** Required action **
Extract, exactly as written, each line from the start of the records below to the line containing "160,00 EUR |", both ends included; drop the pictures.

** Records to process **
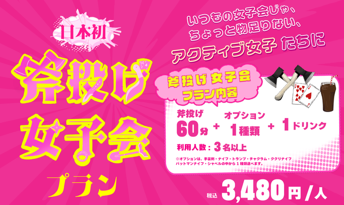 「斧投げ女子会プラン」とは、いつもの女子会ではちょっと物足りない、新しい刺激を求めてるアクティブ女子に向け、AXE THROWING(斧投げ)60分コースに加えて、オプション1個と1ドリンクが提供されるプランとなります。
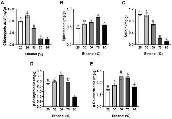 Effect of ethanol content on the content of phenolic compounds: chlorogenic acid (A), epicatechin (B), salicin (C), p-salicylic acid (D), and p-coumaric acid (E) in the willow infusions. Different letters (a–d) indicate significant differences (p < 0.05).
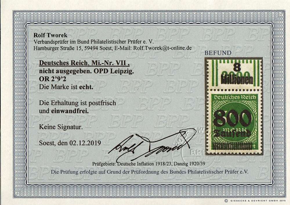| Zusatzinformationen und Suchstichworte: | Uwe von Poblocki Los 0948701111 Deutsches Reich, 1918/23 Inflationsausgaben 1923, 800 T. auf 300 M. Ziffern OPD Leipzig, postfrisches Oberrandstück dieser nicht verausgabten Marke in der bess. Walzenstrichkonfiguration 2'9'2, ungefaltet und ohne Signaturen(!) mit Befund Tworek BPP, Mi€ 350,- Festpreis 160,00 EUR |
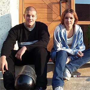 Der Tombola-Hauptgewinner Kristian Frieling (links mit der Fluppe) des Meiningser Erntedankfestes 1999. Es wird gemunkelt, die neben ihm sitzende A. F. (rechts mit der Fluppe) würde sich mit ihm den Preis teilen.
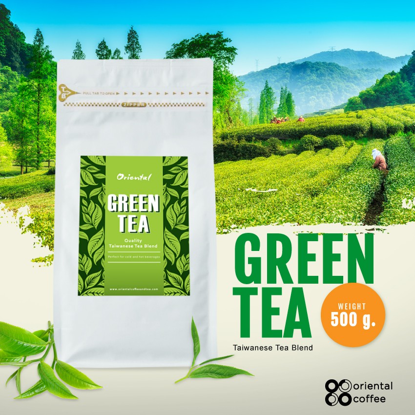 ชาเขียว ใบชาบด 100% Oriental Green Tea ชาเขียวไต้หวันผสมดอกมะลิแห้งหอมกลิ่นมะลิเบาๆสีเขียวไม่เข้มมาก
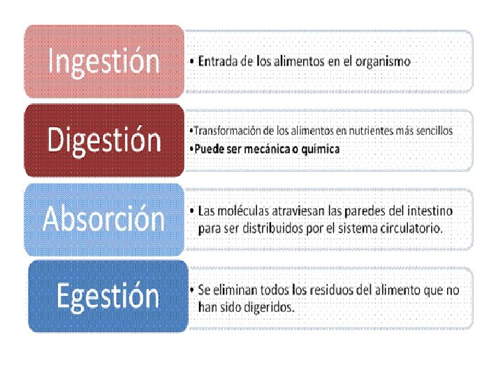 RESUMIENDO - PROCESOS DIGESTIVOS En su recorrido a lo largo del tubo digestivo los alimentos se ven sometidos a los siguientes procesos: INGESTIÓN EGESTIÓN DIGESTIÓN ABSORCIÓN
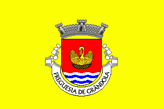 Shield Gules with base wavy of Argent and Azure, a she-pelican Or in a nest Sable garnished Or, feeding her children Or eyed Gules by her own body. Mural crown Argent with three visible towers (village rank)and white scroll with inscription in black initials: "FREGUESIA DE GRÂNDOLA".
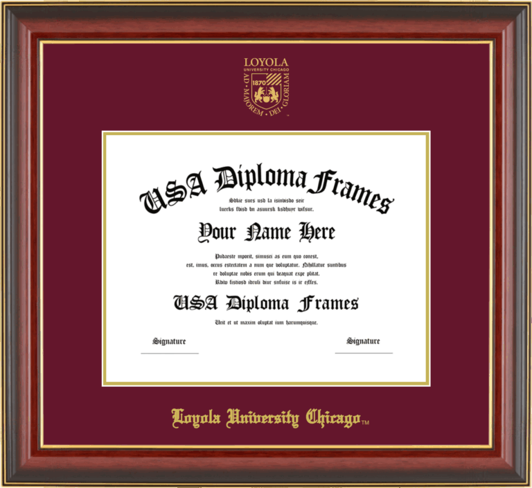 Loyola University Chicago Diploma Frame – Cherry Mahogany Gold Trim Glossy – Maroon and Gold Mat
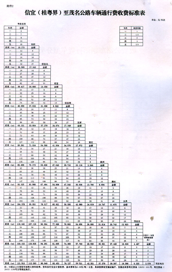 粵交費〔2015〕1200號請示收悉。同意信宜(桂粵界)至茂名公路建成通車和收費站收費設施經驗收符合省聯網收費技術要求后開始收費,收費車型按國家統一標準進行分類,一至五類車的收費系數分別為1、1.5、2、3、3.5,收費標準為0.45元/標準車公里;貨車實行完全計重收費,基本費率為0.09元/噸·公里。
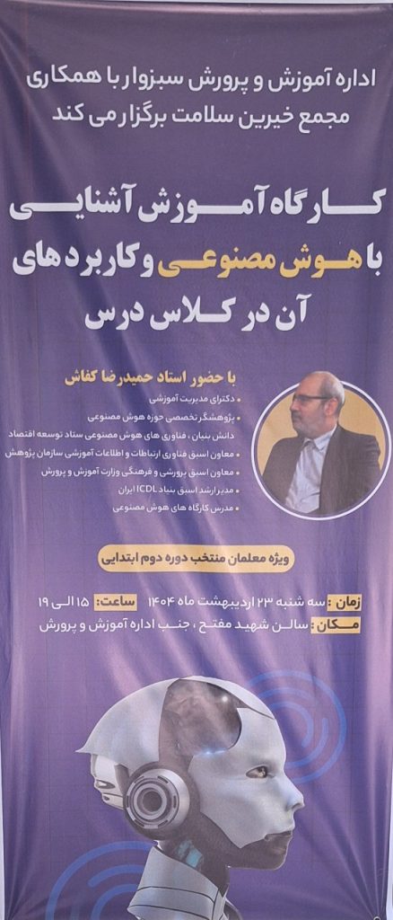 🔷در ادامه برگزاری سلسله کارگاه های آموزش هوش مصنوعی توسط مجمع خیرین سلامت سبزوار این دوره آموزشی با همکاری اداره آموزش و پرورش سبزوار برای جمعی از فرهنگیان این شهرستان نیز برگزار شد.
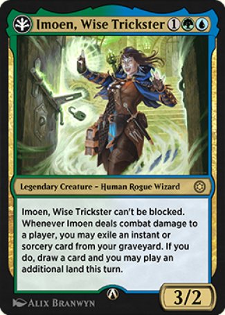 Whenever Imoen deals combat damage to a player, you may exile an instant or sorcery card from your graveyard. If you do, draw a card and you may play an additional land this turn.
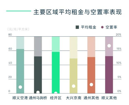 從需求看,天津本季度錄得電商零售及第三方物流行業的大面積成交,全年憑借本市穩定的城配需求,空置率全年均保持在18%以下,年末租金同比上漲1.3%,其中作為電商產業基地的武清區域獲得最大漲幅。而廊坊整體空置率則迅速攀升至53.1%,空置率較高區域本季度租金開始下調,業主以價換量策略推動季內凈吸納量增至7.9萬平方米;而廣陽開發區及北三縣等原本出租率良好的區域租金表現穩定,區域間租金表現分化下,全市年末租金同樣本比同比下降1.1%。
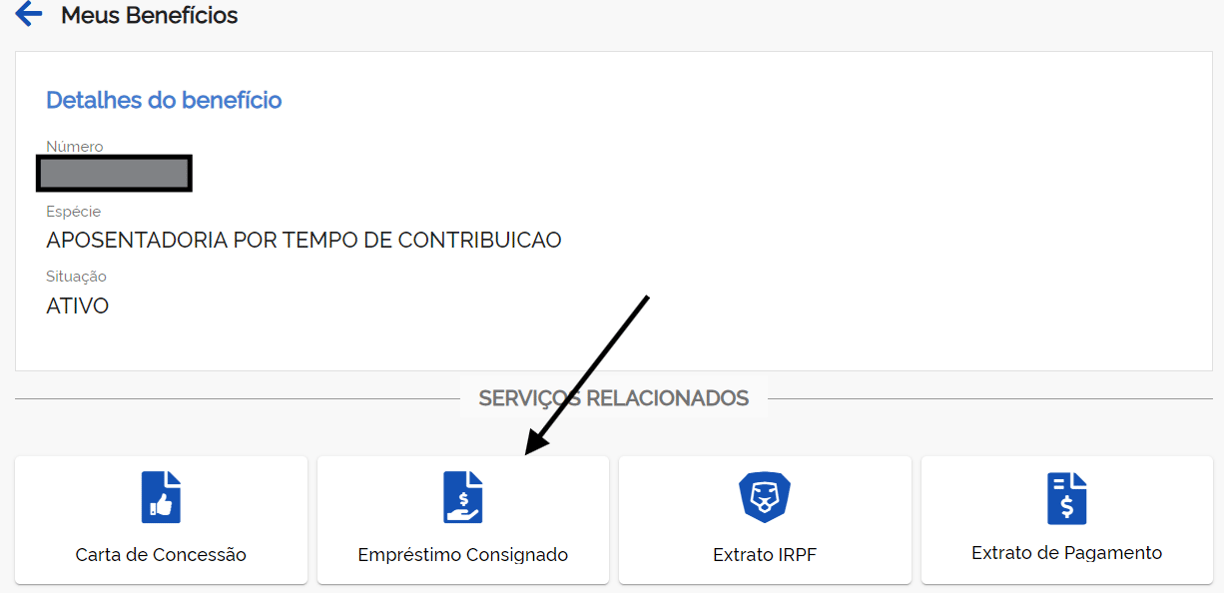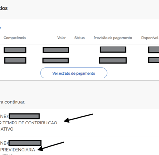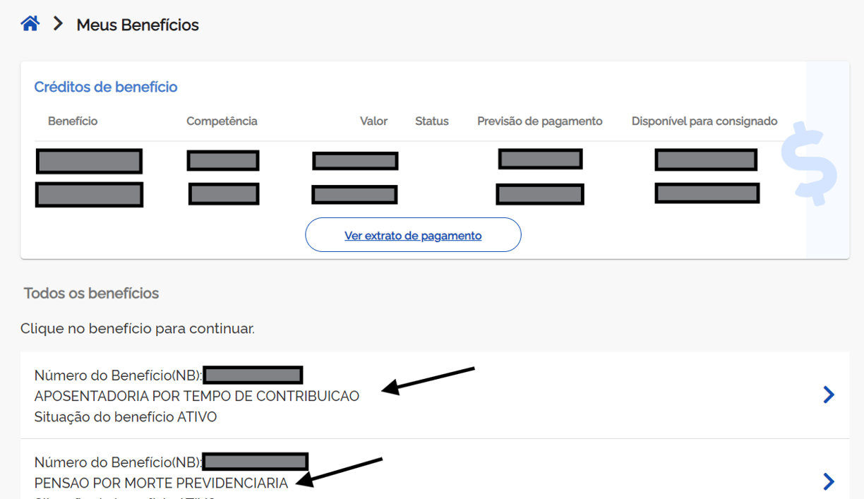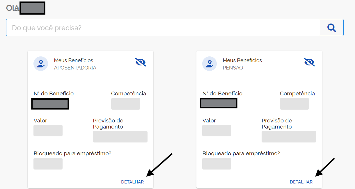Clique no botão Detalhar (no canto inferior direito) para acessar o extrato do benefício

** Result of the task **
 「斧投げ女子会プラン」とは、いつもの女子会ではちょっと物足りない、新しい刺激を求めてるアクティブ女子に向け、AXE THROWING(斧投げ)60分コースに加えて、オプション1個と1ドリンクが提供されるプランとなります。
 Effect of ethanol content on the content of phenolic compounds: chlorogenic acid (A), epicatechin (B), salicin (C), p-salicylic acid (D), and p-coumaric acid (E) in the willow infusions. Different letters (a–d) indicate significant differences (p < 0.05).
| Zusatzinformationen und Suchstichworte: | Uwe von Poblocki Los 0948701111 Deutsches Reich, 1918/23 Inflationsausgaben 1923, 800 T. auf 300 M. Ziffern OPD Leipzig, postfrisches Oberrandstück dieser nicht verausgabten Marke in der bess. Walzenstrichkonfiguration 2'9'2, ungefaltet und ohne Signaturen(!) mit Befund Tworek BPP, Mi€ 350,- Festpreis 160,00 EUR |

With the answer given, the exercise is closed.